Under the speedy trial rule and statute, a case may be "complex" if it has "complicated evidence," but time is excludable only if the complexity makes it unreasonable to expect adequate preparation for trial in the speedy trial period. R. 3:5-4(i)(7); N.J.S.A. 2A:162-22(b)(1)(g). The provision addressing failures to produce discovery is a limit on excludable time. N.J.S.A. 2A:162-22(b)(2). The court properly excluded time sua sponte under N.J.S.A. 2A:162-22(b)(1)(c), and retained jurisdiction to do so after the State sought and obtained leave to appeal. That provision excludes the time while an emergent relief request, or interlocutory appeal, is pending in this court. Time while the trial is stayed is excludable under N.J.S.A. 2A:162-22(b)(1)(l). 

4. Guilty plea could be withdrawn here where defendant claimed innocence at sentencing
State v Belton 452 NJ Super. 428 (App. Div. 2018)
In this PCR appeal, defendant collaterally challenged his conviction, after a guilty plea, to aggravated manslaughter. The panel concludes that defendant, in the course of his allocution, suggested a defense of others that was inconsistent with guilt; his waiver of that defense was not knowingly made; therefore, he did not present a sufficient factual basis of guilt. In reaching this conclusion, the panel applies the principles set forth in State v. Urbina, 221 N.J. 509 (2015), although that case involved a claim of self-defense, rather than the defense of others, suggested in the course of a guilty plea. In view of defendant's contemporaneous claim of innocence, the panel held that the failure to elicit a sufficient factual basis was of constitutional dimension and warrants PCR. A-0971-16T1

5. Restraining order should not be issued if domestic violence not proved
M.C. VS. G.T. 452 NJ Super. 509 (2018)
Plaintiff failed to prove defendant committed an act of domestic violence but the judge – after acknowledging the Prevention of Domestic Violence Act did not permit issuance of a final restraining order – relied on P.J.G. v. P.S.S., 297 N.J.  Super. 468 (App. Div. 1997), invoked her "inherent equitable powers," and entered restraints in plaintiff's favor.
The court reversed, holding that even if it represents good law, P.J.G. requires that some other vehicle – such as another pending action between the parties – must be available for the issuance of restraints based on the trial court's inherent equitable powers. There being no action between the parties except the domestic violence action in question, the trial court was not authorized to impose restraints or do anything but dismiss plaintiff's domestic violence action without granting affirmative relief. A-4781-15T4

6. Hearsay is generally admissible in a VOP hearing
State v. Mosley  232 NJ 169 (2018)
Hearsay is generally admissible in a VOP hearing.
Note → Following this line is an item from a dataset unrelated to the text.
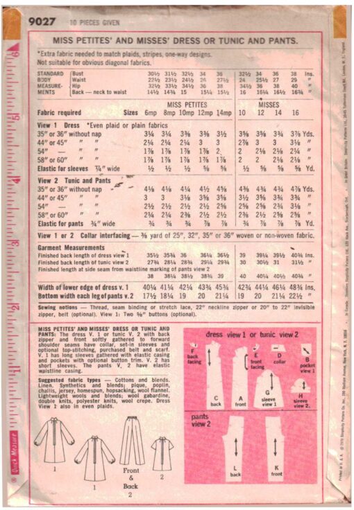 Simplicity 9027 Dress, Tunic, Pants Size: 10 Bust 32.5 Used Sewing Pattern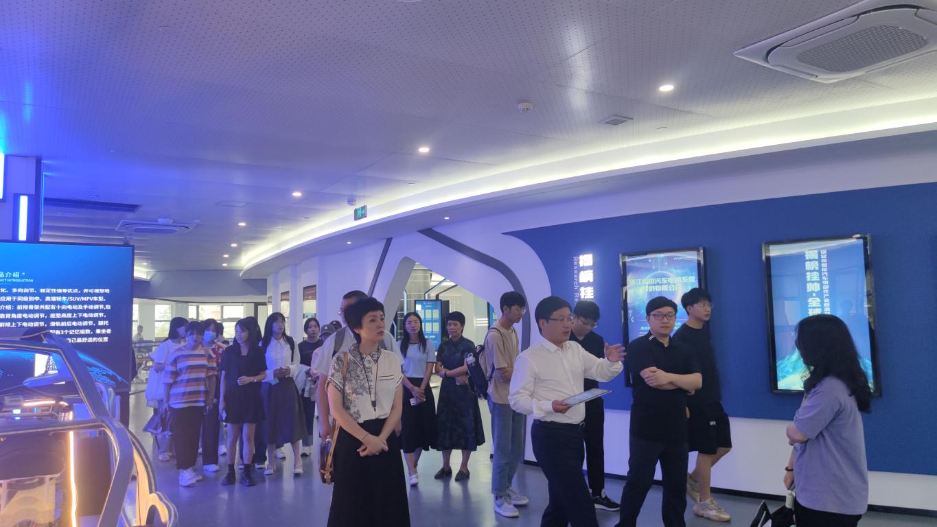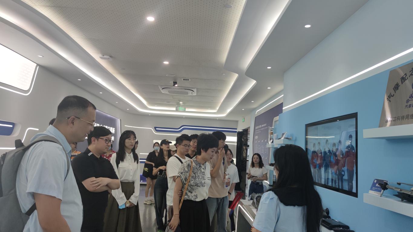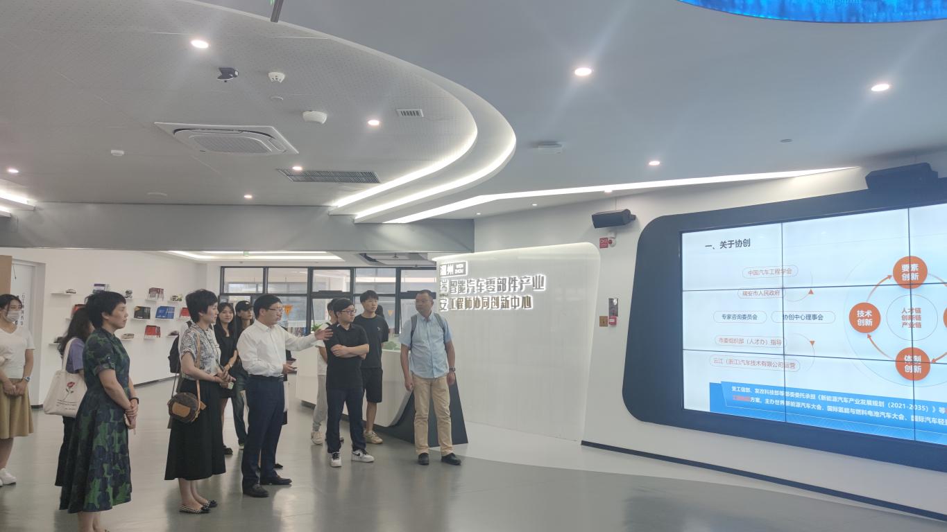 师生一行首先来到东新科创园,在温州大学瑞安研究生院党总支书记潘莉莉的带领下,参观了温州(瑞安)智能汽车零部件工程师协同创新中心、浙江省瑞安汽车关键零部件产业创新服务综合体与温州大学瑞安研究生院。温州(瑞安)智能汽车零部件工程师协同创新中心的工作人员为师生讲解了瑞安的历史底蕴、经济发展以及科创成果,介绍了瑞安的科创板图,并详细讲述了汽车等高端产业制造企业,以“一芯一轴三区“为高新技术产业发展格局,立足产业链,打造创业链。此外,协创中心主任张国祥还为同学们讲解了协创体系、专家智库、重点工作及科研成果等。

When assessing the State’s ability to rely on hearsay to satisfy its proof obligation without contravening a defendant’s due process rights, a court fundamentally should consider the State’s reasons for relying on hearsay forms of evidence and the reliability of the evidence for its proposed purpose. In this matter, the State failed to provide any justification for relying on hearsay, and the hearsay evidence was not sufficiently reliable for its asserted purpose of substantiating the new criminal charges against defendant. A-24-16;

7. Police have duty to preserve video and evidence
State v Richardson 452 NJ Super. 124 (App. Div. 2018)
The court reverses defendant's drug possession conviction and holds that when the State refuses a defense attorney's diligent pre-indictment request to preserve and produce recordings, which the State or its law enforcement agencies created and are directly relevant to adjudicating an existing charge, the defendant is entitled to an adverse inference charge.
In this drug case, despite the attorney's timely preservation request, the State allowed the automatic erasure of a booking room video that likely recorded the search of defendant, which allegedly uncovered the drugs he was charged with possessing. The court also holds the court erred by allowing the State to introduce evidence that defendant gave a false name during the earlier traffic stop. Unreported A-2023-15T2  (App. Div. 2017)  source
https://www.law.com/njlawjournal/almID/1202800182543/State-v-Richardson/?mcode=1391052443336&curindex=65

8. Odor of pot does not police to search the trunk without consent or warrant
State v. Houston unreported App Div.
During a motor vehicle stop, officers observed respondent was not wearing a seatbelt and also detected the smell of burnt marijuana once respondent lowered the window. The officers removed respondent from the car and placed him under arrest after a search of his person produced five prescription pills, along with a large sum of money. During a search of the vehicle, officers found additional pills and marijuana. On motion to suppress evidence, the trial court concluded the "vehicle stop was lawful" because officers "observed motor vehicle violations." Additionally, the seizure of the burnt marijuana cigarette in the ashtray was "valid pursuant to a search incident to arrest," and because it was in "plain view."
However, the trial judge held the officers had no right to search the backpack or its contents, "or disassemble the car parts which covered the voids and the air vents of the car" without a warrant as respondent was handcuffed and removed from the car with no ability to destroy potential evidence.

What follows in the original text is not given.